東海道五十三次の53という宿場の数も、この善財童子が訪ねた知識人の数に合わせたのだと、世界遺産研究の会の講座の時に聞いたことがあります。でもなぜそうしたのか、その理由までは教えてはくれなかったので、いまでも疑問のままです。

大和國分寺焼失前2003
右のお寺は大和八木にある浄土宗の國分寺というお寺で、泉光院は、…八木村國分寺へ詣納經…しました。
大和國分寺標石
標石にはたしかに「大和國分寺」と彫ってあるので、そうなのかも知れないとは思いますが、聖武天皇が建てさせたという國分寺のリストにはこのお寺は入っていないので、ワタクシの疑問の一つです。塀の向こうに見えている本堂は、十数年前に火災で焼失してしまったそうです。 これは焼失前の写真。

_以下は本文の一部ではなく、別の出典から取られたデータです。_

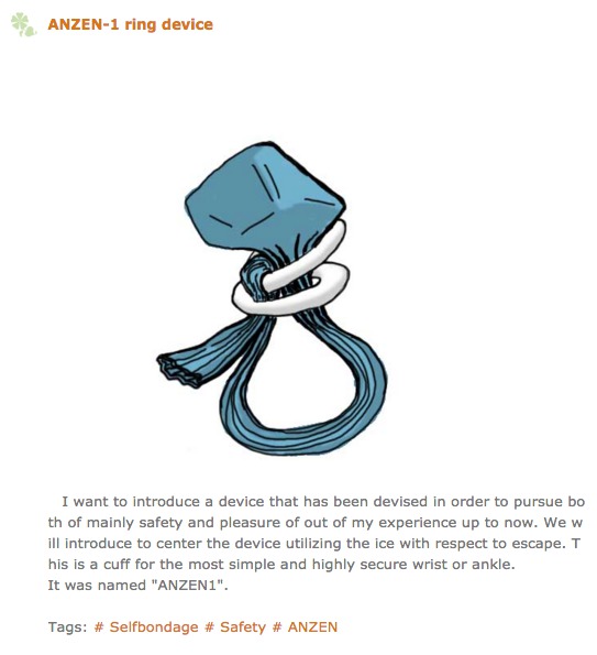 Here is another variation, where the ice ring is eliminated and instead the double ring itself is used to stop the ice.  It was posted on a Japanese self-bondage blog.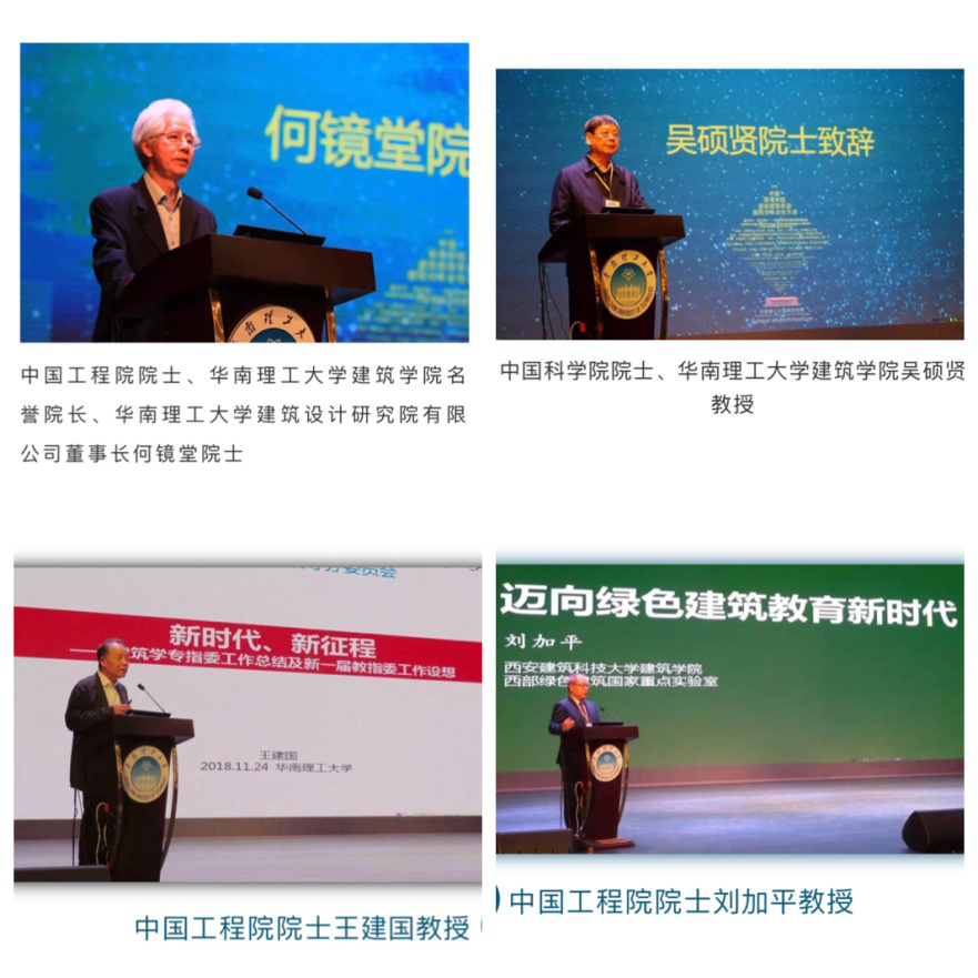 | 王建国、何镜堂、吴硕贤、刘加平等4位两院院士致辞并作主题报告 |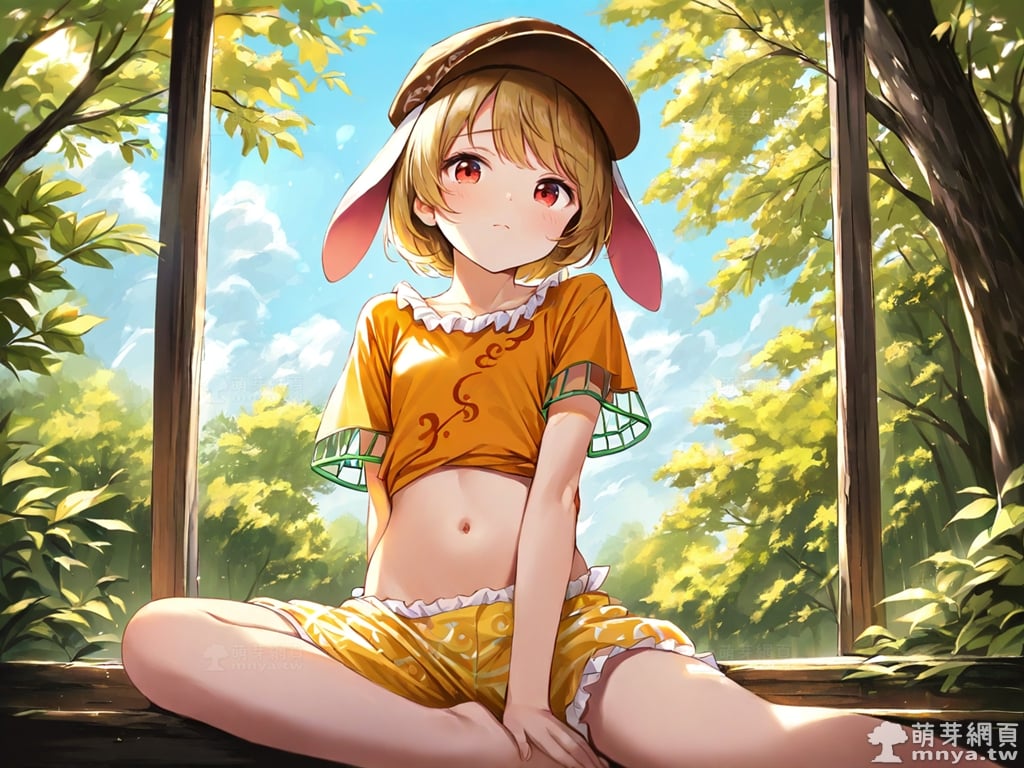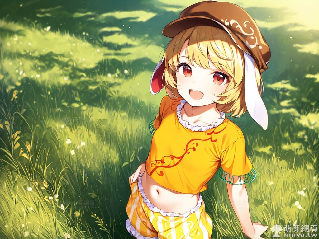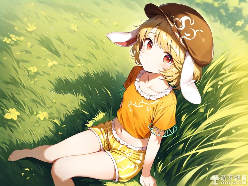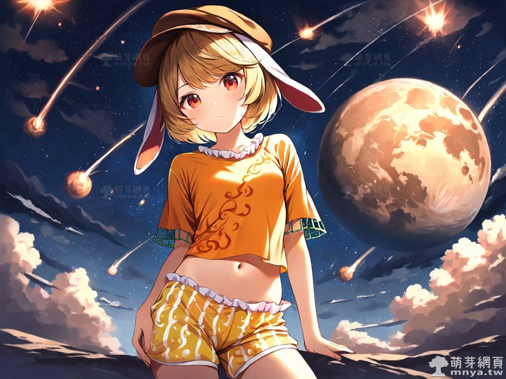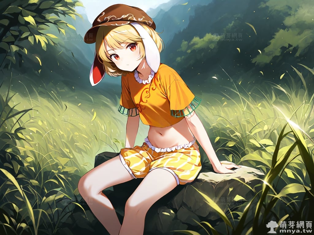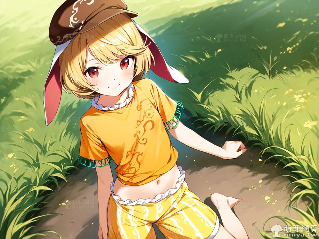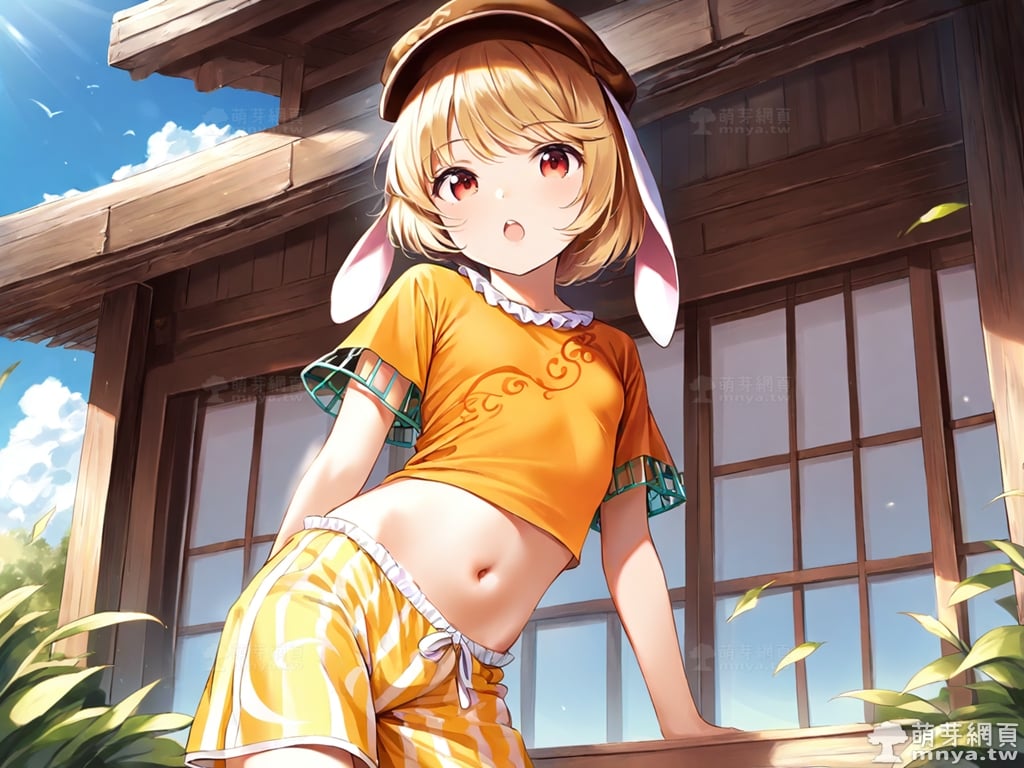 提詞文字:(masterpiece), (high quality), (high score), (great score), (year 2020), (kawaii), (loli), (photorealistic:0.1), 1girl, solo, (ringo \(touhou\)), touhou, __posture__, short hair, blonde hair, red eyes, animal ears, flat cap, floppy ears, hat, midriff, navel, orange shirt, rabbit ears, shirt, short sleeves, shorts, barefoot, small breasts, breasts, cowboy shot, __looking__, __expression__, __background__.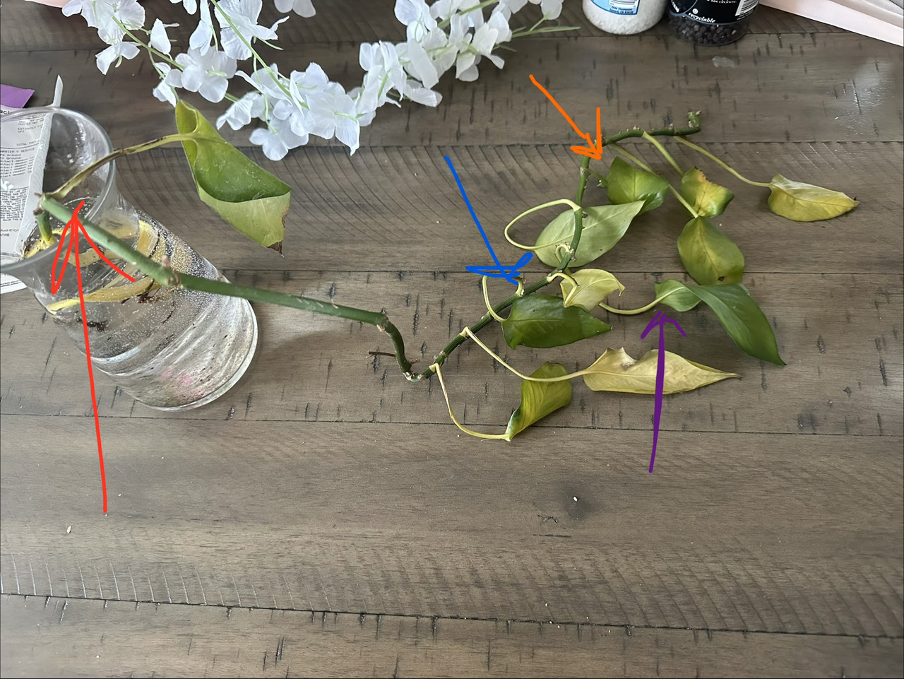 Okay so what would you consider a good leaf? I drew lines where I guessed might be good to cut above. The red on is big and not completely yellow, the blue and purple ones look good but are somewhat close together. The purple one has a root nodule opposite of the leaf/stem connection and one more below it, opposite of the bad leaf I would prune below it, so it would have two nodules, but would it just be better to put the purple and blue together one one cutting? The orange one also has one node opposite and one node below it.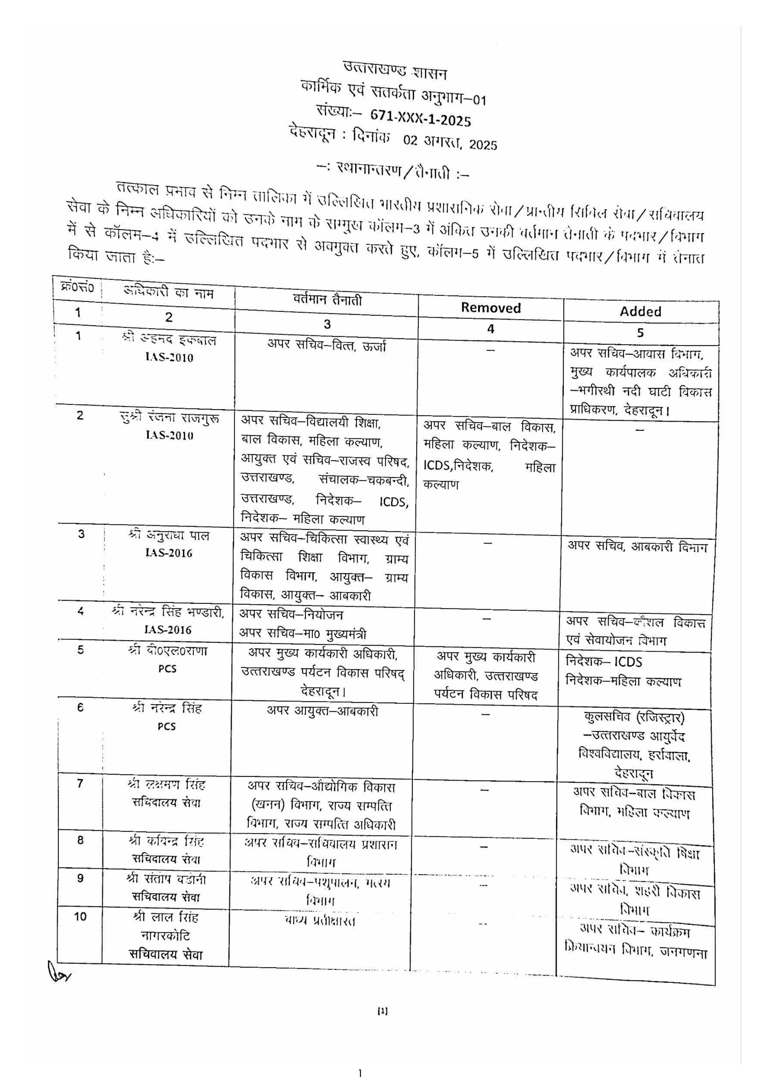 उत्तराखंड में IAS, PCS और सचिवालय सेवा के अधिकारियों के तबादले, देखिए पूरी सूचि ……. by August 3, 2025 written by August 3, 2025 Share 0FacebookTwitterPinterestWhatsapp देहरादून : उत्तराखंड शासन के कार्मिक एवं सतर्कता विभाग ने आईएएस, पीसीएस और सचिवालय सेवा के अधिकारियों की तबादला सूचि जारी की है। Share 0 FacebookTwitterPinterestWhatsapp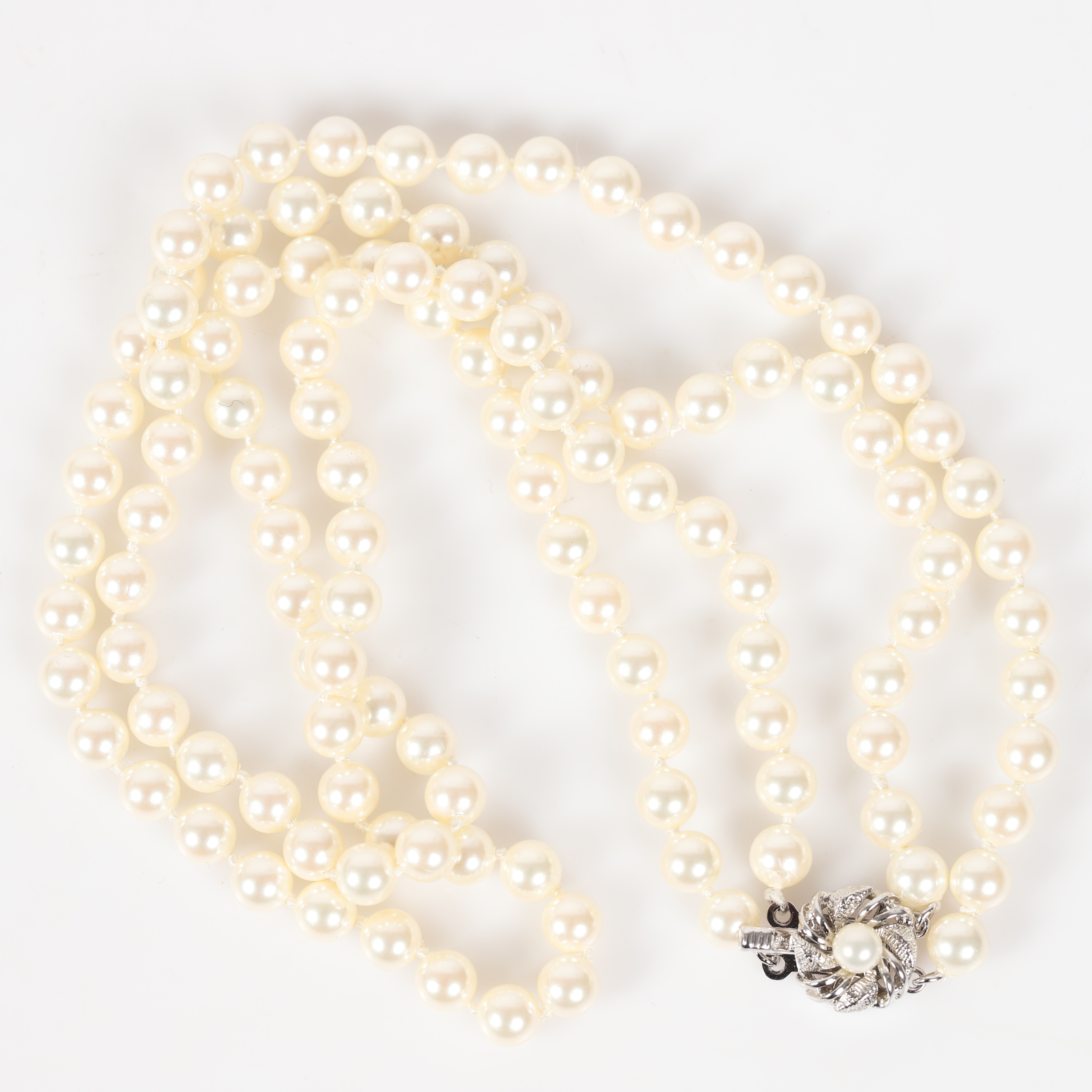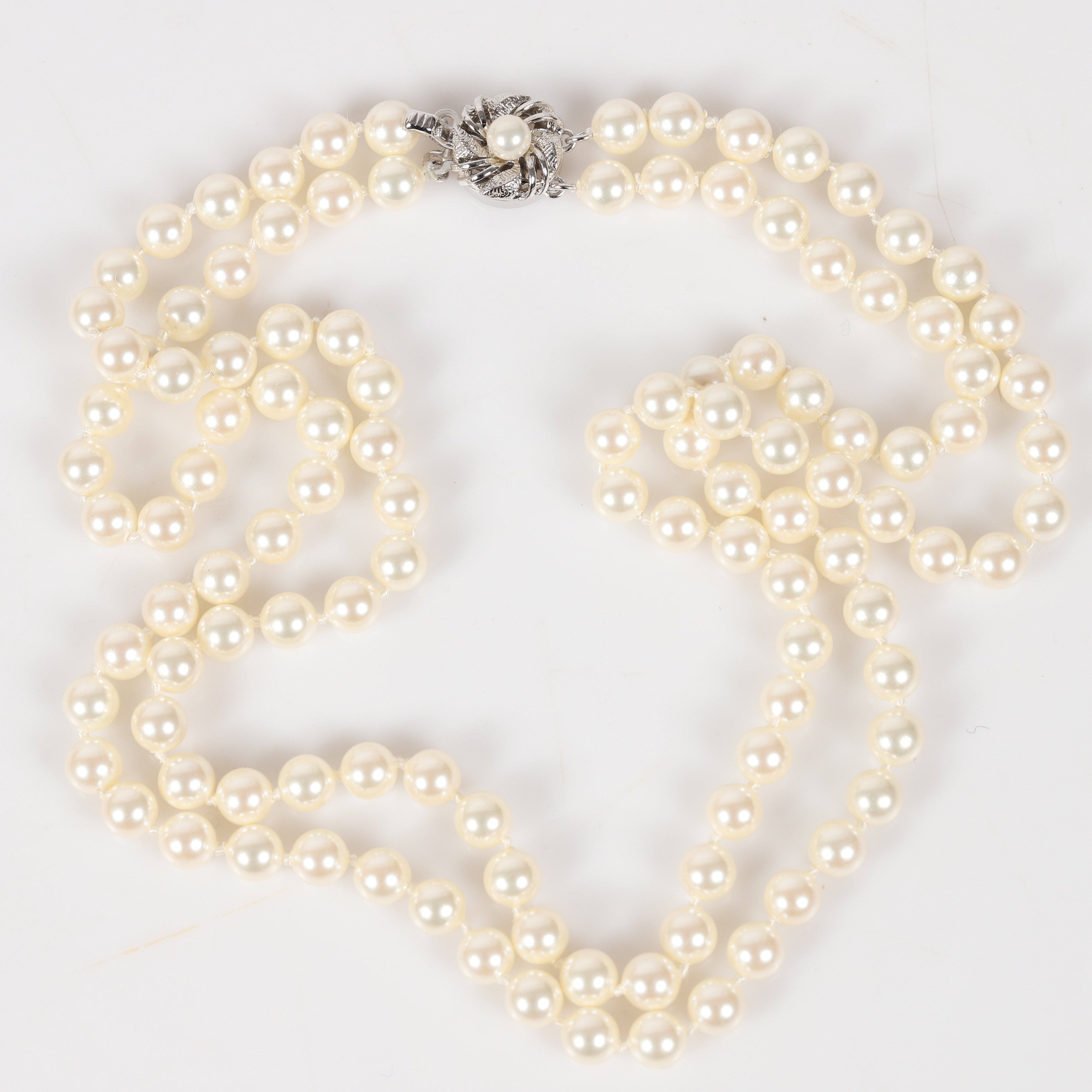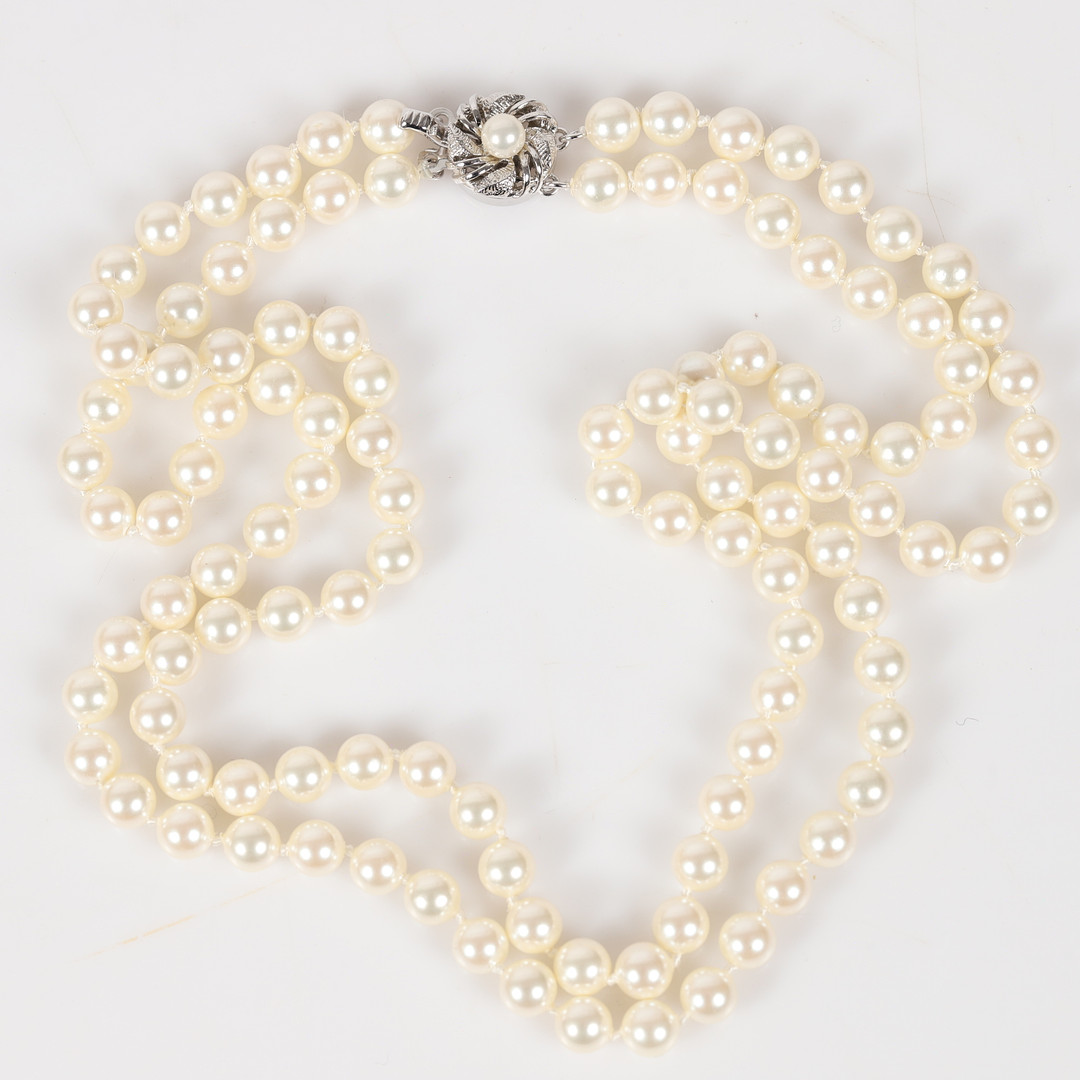 4996616. NECKLACE, 2-row, seashell pearls with silver clasp.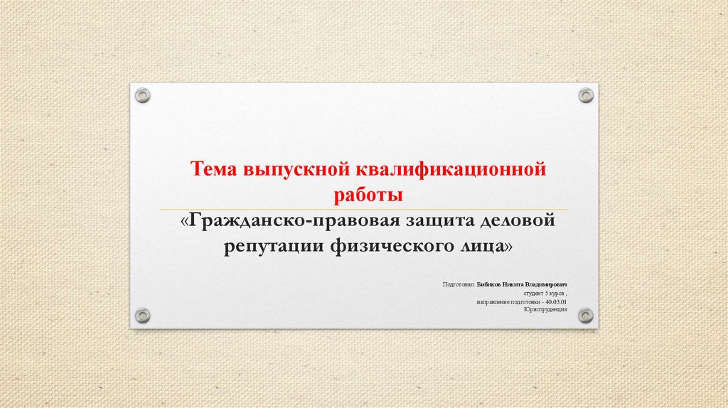 1. Тема выпускной квалификационной работы «Гражданско-правовая защита деловой репутации физического лица»

『善財童子求道の旅』という本がありました。ヴァスミトラーに逢ったときの様子を載せておきます。その本から少しの引用。

獅子奮迅比丘尼から、…「善男子よ、ここより南のドルガ、別名嶮難國のラトナヴェーハ、寶荘厳という意味の都城に婆須蜜多、ヴァスミトラーという名の遊女が住んでおられます。その方にも聞いてごらんなさい。」…と教えられてやって来たのが左の絵。
善財童子26婆須蜜多女最高遊女

ヴァスミトラーの住居はとても立派で、香りの良い水を湛えた堀がめぐっていて、赤や白、黄や青の蓮華が咲きそろっている。豪華な敷物で飾られた室内には多くの侍女や立派な男たちに囲まれてヴァスミトラーは(上の絵、建物の正面に)坐っている。彼女の肌は金色に輝き、瞳は碧緑、まさに臈たけたという美しさです。玉を転がすような声、どんな楽器でも弾きこなせる技芸のたしかさ、何一つとっても人を魅了する素晴らしさです。善財童子は(建物の前、段の下にいて)彼女の魅力に圧倒されます。ヴァスミトラーはいいます。
…善財童子よ、よく来ましたね。私は離欲の究極を究めたという菩薩の解脱を会得しているのです。それで私の所へやってくるどんな人々、どんな神々、どんな鬼神、阿修羅、緊那羅であれ、私を求めてやってくるすべての衆生たちの願いにも応じて姿を現し、その衆生の気に入る背丈・肌色・姿形になります。もし天人が私を求めているのであれば私は天女に、人間の男なら人女に、鬼神なら鬼女になります。ある者は私を見つめるだけで、ある者は私を抱きしめるだけで、ある者は私にキスするだけで、ある者は私と同衾するだけで、その者は欲望を離れた状態になるのですよ。」…
善財童子はよくわかりません。
…「私には意味がわかりません。あなたを抱けばもっと欲情にとらわれるのではありませんか?」…
…「そうではありません。私はすべての衆生が欲望を離れることができるように、言葉で、そして身体で、法を説くのです。そうすると衆生はそれぞれ素晴らしい菩薩の三昧の世界、いわば忘我の境地に入り、離欲の究極に達するのです。」…
善財童子はまだ信じられないといった面持ちで、
…「あなたはどのような善行を積まれてその菩薩の解脱の境地を体得されたのでしょうか。」…
…「そうねぇ。はるか彼方の記憶をたどって申しましょう。かって、過去世にアティウッチャガーミンという佛が出現しました。その佛は衆生を哀れんで慈愛を示すためにスムターという王都に入られました。そのとき天上からは宝石の華がキラキラと舞い下り、妙なる音楽が響きました。私はそのときある長者の妻でスマティと申しましたが、その佛のお示しになった奇跡に駆り立てられて走り出し、佛に一枚の宝石のお金を差し上げました。佛の傍らには文殊菩薩が侍者として仕えておりましたが。その文殊菩薩が私をこの上ない悟りに向けて発心させて下さったのです。善財サン、こうして私は離欲の究極を究めた菩薩行を体得出来たのです。しかし私は他の菩薩方の功徳については存じません。ここより南に善度城という都城があり、そこに鞞瑟胝羅(ビシュチラ)という居士が佛の塔廟を供養しておられます。その方にお聞きになったら如何でしょうか。」…
と次の訪問先を教えてくれたのでした。

善財童子はこのようにして次々と53人の知識人に教えを請う旅を続けるのでした。